Records from a data source
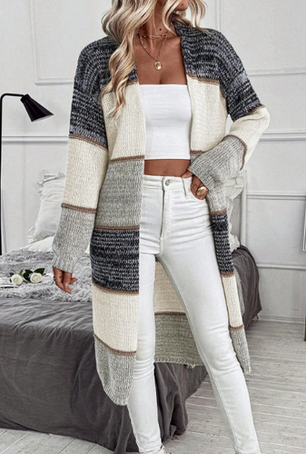 • Casual Loose Striped Colorblock Long Knit Cardigan
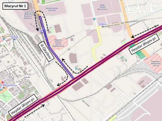 Bakı Nəqliyyat Agentliyinin məlumatı “Koroğlu” Nəqliyyat Mübadilə Mərkəzindən metorunun “28 may” stansiyası, eləcə də əks istiqamətdə hərəkət edən 1 nömrəli marşrut xəttinin hərəkət trayektoriyasında dəyişiklik edilməsi ilə bağlı məlumat yayıb. Avtosfer.az-a verilən məlumatda bildirilir ki, dəyişikliyə əsasən, “Koroğlu” NMM-dən Heydər Əliyev prospekti ilə şəhər istiqamətində hərəkət edən avtobuslar “Azərsu” ASC-nin yeni tikilən inzibati binasının qarşısından Ələsgər Qayıbov küçəsinə dönəcək. Daha sonra avtobuslar Ələsgər Qayıbov küçəsi 10 ünvanında yerləşən iş mərkəzinin qarşısındakı geri dönmədən əks istiqamətdə qayıdaraq Heydər Əliyev prospekti ilə əvvəlki xətt üzrə hərəkət edəcək. Dəyişikliyin edilməsində məqsəd, həmin ərazidə yaşayan sakinlərin, həmçinin, Ələsgər Qayıbov küçəsində yerləşən dövlət və özəl qurumların əməkdaşlarının şəhər mərkəzinə rahat gedişini təmin etməkdir. Məlumat üçün bildirək ki, Ələsgər Qayıbov küçəsində və ona yaxın ərazidə yaşayış və iş yerlərinin olmasına baxmayaraq, ərazidən hər hansı bir marşrut xətti keçmirdi. Qeyd edək ki, bu dəyişikliyin avtobuslararası intervala təsirinin qarşısını almaq məqsədi ilə daşıyıcı tərəfindən xəttə buraxılan nəqliyyat vasitələrinin sayı artırılacaq.
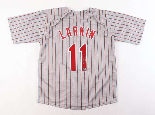 Barry Larkin Signed Cincinnati Reds jersey (Beckett) 12xAll Star S.S. / HOF 2012
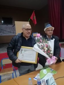 وقبل اختتام  اللقاء تم تقديم شهادة تقديرية للضيف مع باقة ورد عربون محبة وتقدير.
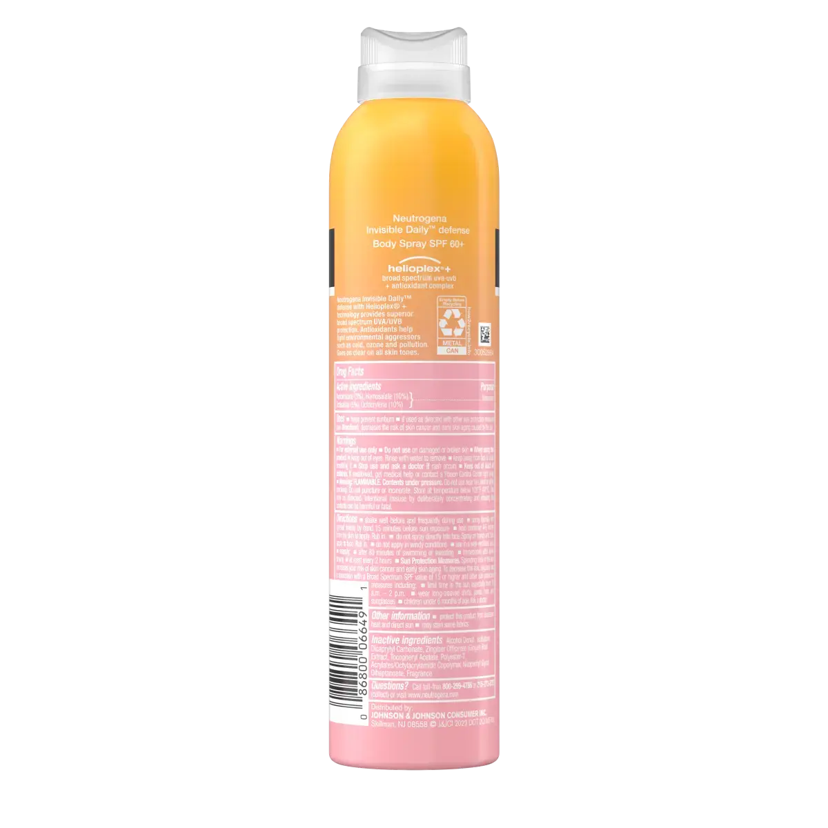 Neutrogena Invisible Daily Defense Body Spray Sunscreen with broad spectrum SPF60+.
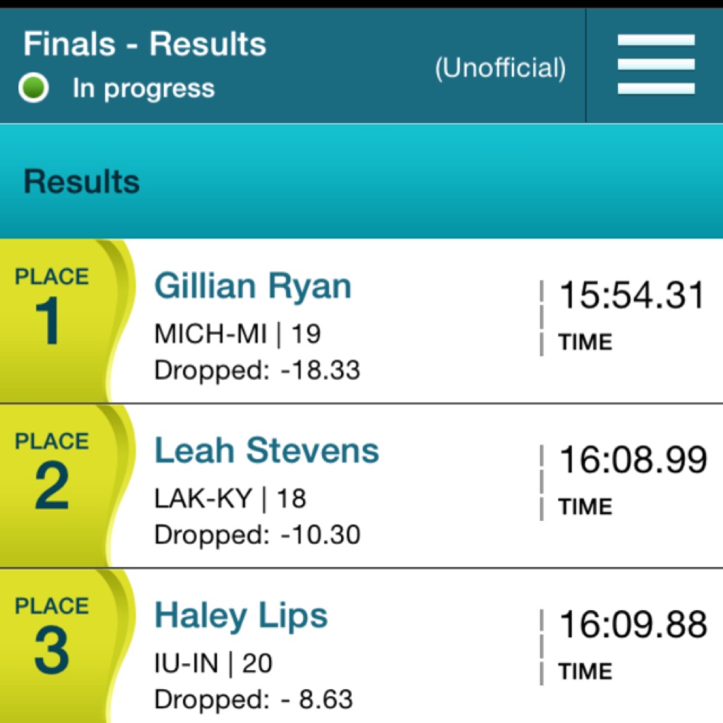 Hannah Saiz was out faster than prelims at 25.0 and finished at 53.4 a tenth faster than this morning! Great swim! Tomorrow all three will race Cass has the mile, Hannah the 200 fly and Gwen has the 200 breast

**Exercise prompt**
Repeat the lines exactly as they stand, from the opening line of the data through the line with "Barry Larkin Signed". Pictures stay out of the copy.

**Result**
 • Casual Loose Striped Colorblock Long Knit Cardigan
 Bakı Nəqliyyat Agentliyinin məlumatı “Koroğlu” Nəqliyyat Mübadilə Mərkəzindən metorunun “28 may” stansiyası, eləcə də əks istiqamətdə hərəkət edən 1 nömrəli marşrut xəttinin hərəkət trayektoriyasında dəyişiklik edilməsi ilə bağlı məlumat yayıb. Avtosfer.az-a verilən məlumatda bildirilir ki, dəyişikliyə əsasən, “Koroğlu” NMM-dən Heydər Əliyev prospekti ilə şəhər istiqamətində hərəkət edən avtobuslar “Azərsu” ASC-nin yeni tikilən inzibati binasının qarşısından Ələsgər Qayıbov küçəsinə dönəcək. Daha sonra avtobuslar Ələsgər Qayıbov küçəsi 10 ünvanında yerləşən iş mərkəzinin qarşısındakı geri dönmədən əks istiqamətdə qayıdaraq Heydər Əliyev prospekti ilə əvvəlki xətt üzrə hərəkət edəcək. Dəyişikliyin edilməsində məqsəd, həmin ərazidə yaşayan sakinlərin, həmçinin, Ələsgər Qayıbov küçəsində yerləşən dövlət və özəl qurumların əməkdaşlarının şəhər mərkəzinə rahat gedişini təmin etməkdir. Məlumat üçün bildirək ki, Ələsgər Qayıbov küçəsində və ona yaxın ərazidə yaşayış və iş yerlərinin olmasına baxmayaraq, ərazidən hər hansı bir marşrut xətti keçmirdi. Qeyd edək ki, bu dəyişikliyin avtobuslararası intervala təsirinin qarşısını almaq məqsədi ilə daşıyıcı tərəfindən xəttə buraxılan nəqliyyat vasitələrinin sayı artırılacaq.
 Barry Larkin Signed Cincinnati Reds jersey (Beckett) 12xAll Star S.S. / HOF 2012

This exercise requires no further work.